Image d'archives de gilets de sauvetage retrouvés sur le lieu d'un naufrage en mer Méditerranée. Crédit : Reuters
Image d'archives de gilets de sauvetage retrouvés sur le lieu d'un naufrage en mer Méditerranée. Crédit : Reuters

Selon la plateforme d'aide aux migrants en détresse en mer Alarm Phone, au moins 60 personnes sont mortes en Méditerranée jeudi 18 mars suite à l'incendie de leur embarcation.

"Le jeudi 18 mars, une tragédie s'est déroulée au large des côtes libyennes." Dans un communiqué publié lundi 22 mars, Alarm Phone, la plateforme d'aide aux migrants en détresse en mer, a annoncé la disparition d'environ 60 migrants en Méditerranée.

Selon l'organisation, qui s'appuie sur les témoignages des rescapés, le moteur de leur embarcation a pris feu en plein milieu de la mer dans la nuit du mercredi 17 au jeudi 18 mars, quelques heures après leur départ de Zouara, en Libye. "Le capitaine du bateau a utilisé un briquet pour voir le moteur et le carburant a pris feu. Une partie [des migrants] est allée à l'eau à cause du feu brûlant et n'a pas pu regagner le canot", explique l'un des survivants. 

Les naufragés "en panique" ont contacté Alarm Phone vers 2h30 du matin, qui a alerté les autorités compétentes ainsi que l'Ocean Viking, présent dans la zone.

Le navire humanitaire a lancé une opération de recherche, sans succès, faute d'avoir pu obtenir les coordonnées GPS du bateau.

Des autorités difficiles à joindre

Alarm Phone affirme que les MRCC (centre de coordination des secours en mer) italien et maltais "ont interrompu les appels" de leur équipe et n'ont pas répondu aux appels ultérieurs. Les autorités libyennes, elles, n'ont tout simplement pas décroché le téléphone.

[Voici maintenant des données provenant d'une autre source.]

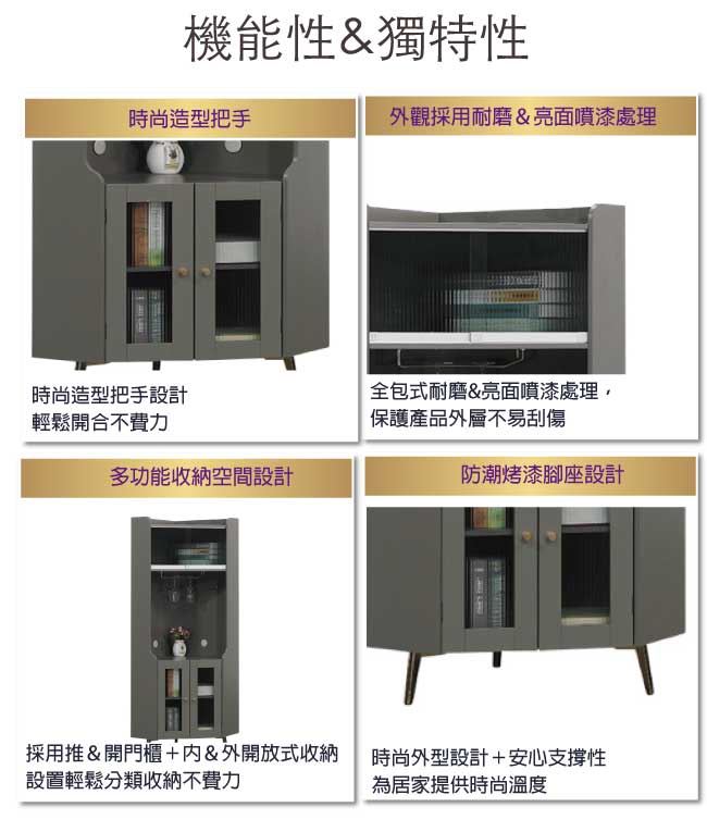 商 品 介 紹 | 【綠家居】普安2.8尺雙門半開放書櫃/角邊櫃 日式雙色系+現代簡約風格+安心材質製造,整體採用防潮MDF板材+防鏽黑漆腳座+強化玻璃門片+現代美型把手等安心材質製造,產品外層採用防潮亮面漆處理搭配採用開門櫃+內&外開放層格等空間設計,全由專人配送到家,專業安心服務,替你省下更多時間! 【商品特色】 日式雙色系+現代簡約風格+安心材質製造,使用放心+搭配居家更便利 採用防潮MDF板材+防鏽黑漆腳座+強化玻璃門片+現代美型把手等安心材質製造 產品外層採用防潮亮面噴漆處理 搭配採用開門櫃+內&外開放層格等空間設計 此商品不需要DIY組立,此商品為組立後之成品 全由專人配送到家,專業安心服務,替您省下更多時間 |

>> À (re)lire : L'Open Arms est en route vers la Méditerranée centrale

De leur côté, les naufragés ont également tenté de joindre les différents MRCC, responsables de cette zone maritime. "Nous avons appelé les autorités italiennes au moins 20 fois. La dernière fois, nous leur avons demandé le numéro des garde-côtes libyens, mais ils ont refusé de nous le donner", raconte un rescapé.

Environ 45 personnes ont finalement été secourues dans la matinée par des pêcheurs, et transférées sur un navire des garde-côtes libyens. Ces derniers ont également remonté à bord cinq cadavres.

>> À (re)lire : Le Conseil de l’Europe accuse les États européens de laisser mourir les migrants en Méditerranée

Alarm Phone exhorte les autorités libyennes, maltaises et italiennes "de fournir un rapport détaillé des actions qu'elles ont entreprises pour rechercher et sauver les personnes en détresse, rechercher les disparus et les corps des morts".

Depuis le début de l'année, au moins 230 migrants sont morts en Méditerranée centrale, d'après les chiffres de l'Organisation internationale des migrations (OIM). Mais ce chiffre pourrait être plus élevé. Des "naufrages invisibles", dont personne n'a connaissance notamment en raison de l'absence de navires humanitaires dans la zone de recherche et de sauvetage (SAR zone), peuvent en effet se produire en mer.